7. The meteorological data assimilation method incorporating terrain features as described in claim 6, characterized in that: The process involves performing multi-scale adaptive error decomposition on the meteorological assimilation results, and then combining this with preprocessed multi-source environmental observation data for refined error correction, resulting in a high-precision assimilated meteorological field dataset. The specific steps are as follows: Multi-scale adaptive error decomposition was performed on the meteorological assimilation results to identify the error distribution characteristics at different scales and obtain the error decomposition results; Using preprocessed multi-source environmental observation data, the error decomposition results are refined and error compensated to obtain the refined corrected error distribution; Based on the refined correction error distribution, the meteorological assimilation results are weighted and corrected to obtain a high-precision assimilated meteorological field dataset.

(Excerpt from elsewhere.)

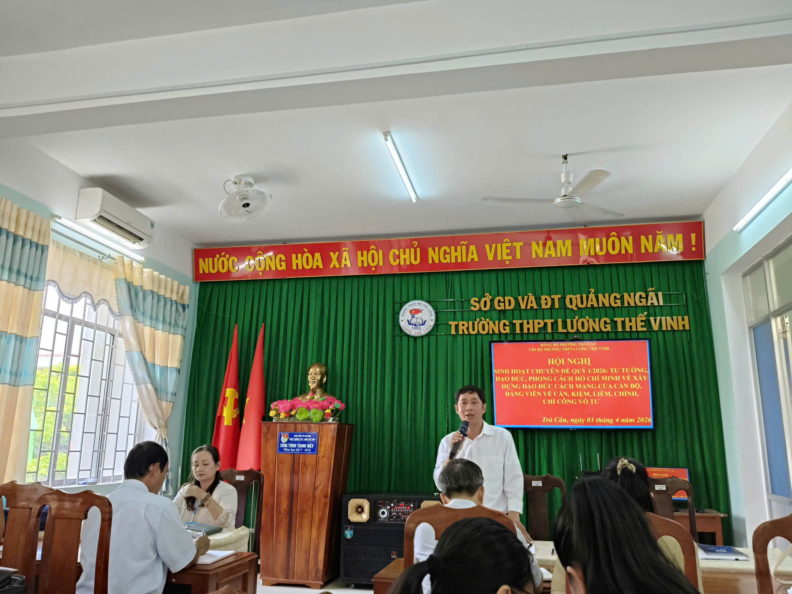 Vừa qua ngày 03/4/2026, Trường THPT Lương Thế Vinh đã tổ chức sinh hoạt chuyên đề với nội dung: Tư tưởng, đạo đức, phong cách Hồ Chí Minh về Xây dựng đạo đức cách mạng của cán bộ, đảng viên về cần, kiệm, liêm, chính, chí công vô tư.

8. A computer device comprising a memory and a processor, wherein the memory stores a computer program, characterized in that: When the processor executes the computer program, it implements the steps of the meteorological data assimilation method for fusing terrain features as described in any one of claims 1 to 7.
9. A computer-readable storage medium having a computer program stored thereon, characterized in that: When the computer program is executed by the processor, it implements the steps of the meteorological data assimilation method for fusing terrain features as described in any one of claims 1 to 7.